Carter was able, through two face-to-face meetings, to both understand Kim’s intentions and develop interpersonal trust with a leader who was ideologically the antithesis of everything Carter stood for. As a result, Carter secured Kim’s agreement that there would be no reprocessing of plutonium at the Yongbyon facility and a freeze on the major elements of the nuclear program whilst a new round of talks proceeded. The North Koreans also agreed that the IAEA inspections could continue. In return, Carter secured Clinton’s agreement to Kim’s request that the United States support the sale of two light water proliferation-resistant reactors. Kim had told Carter, according to Creekmore’s account, that “if a commitment is made to furnish us a light water reactor, then we will immediately freeze all our nuclear activities.”
The Carter mission to Pyongyang was successful because he and Kim were able to better understand one another by sitting down face-to-face. They developed, during these personal meetings, a bond of trust that helped to bridge the distrust between their two nations. As we argue in our new books, this is not a one-off example. Face-to-face diplomacy has long allowed leaders and policymakers to both better understand each other’s intentions and develop trust in one another that they will live up to commitments. Crucially, by meeting for face-to-face negotiations, leaders, or their representatives in the case of Carter, can often find ways to meet the interests of both sides without resorting to military action.
In short, it may be time to send Carter, or a similar surrogate more amenable to the president, back to Pyongyang. A crisis that threatened to engulf the region over two decades ago was defused by face-to-face diplomacy and it is time to explore whether the current crisis can similarly be de-escalated.

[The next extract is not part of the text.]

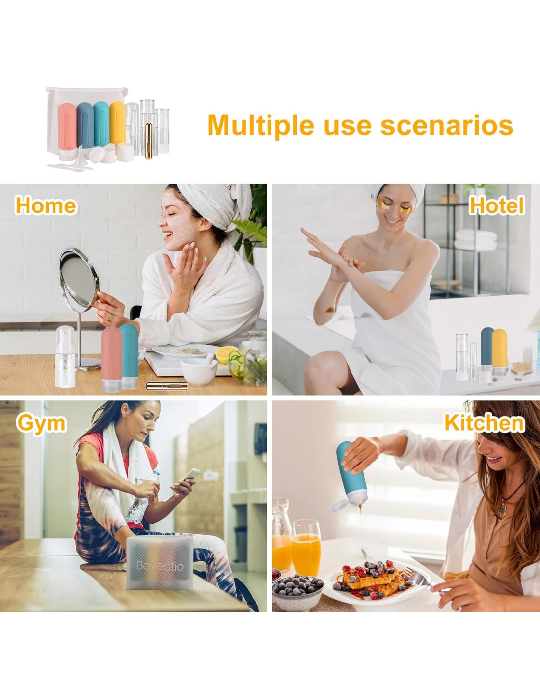 - [Conjunto de Multi-Combinación] Conjunto de 19 botellas de viaje a prueba de fugas Beveetio, portátil y ligero, fácil de llevar y limpiar. Obtendrás (4 Botellas de Viaje de Silicona + 2 Tarros + 1 Botella de Spray al Vacío + 1 Botella de Bomba al Vacío + 1 Botella Espumosa + 1 Botella de Perfume + 3 Mini Botellas de Bomba al Vacío + 2 Etiquetas de Página + 1 Embudo + 2 Cucharas + 1 Bolsa Transparente) ¡Compañero perfecto para tus viajes!

Critics of this position will retort that the deal that Carter and Clinton negotiated in 1994 failed to stop the DPRK from developing nuclear weapons because the North Koreans cheated, and would cheat again if given the opportunity. Blaming the DPRK for the collapse of the cooperation that Carter’s mission made possible ignores the history of broken promises and strategic blunders on both sides, as each came to believe the other was exploiting the agreement for unilateral advantage. Consequently, it is wrong to assume that because 12 years later, North Korea tested and developed nuclear weapons, this was an inevitable outcome of the negotiations Carter and Clinton entered into in 1994.
Diplomacy of the Carter kind in 1994 is an exercise of power, not weakness. It could today allow the United States to both pressure the DPRK to abandon its nuclear ambitions and defuse the current crisis without costly intended, or unintended, military action. If reports that the Trump administration has asked Carter not to attempt any type of mediation on this occasion are true, the administration should reconsider its position on negotiating face-to-face with the North Koreans.
Marcus Holmes is Assistant Professor of Government at The College of William & Mary. His book, Face Value: Face-to-Face Diplomacy, Social Neuroscience, and International Relations, is under contract with Cambridge University Press.
Nicholas J. Wheeler is Professor of International Relations and Director of the Institute for Conflict, Cooperation and Security at the University of Birmingham. His latest book, Trusting Enemies is forthcoming with Oxford University Press.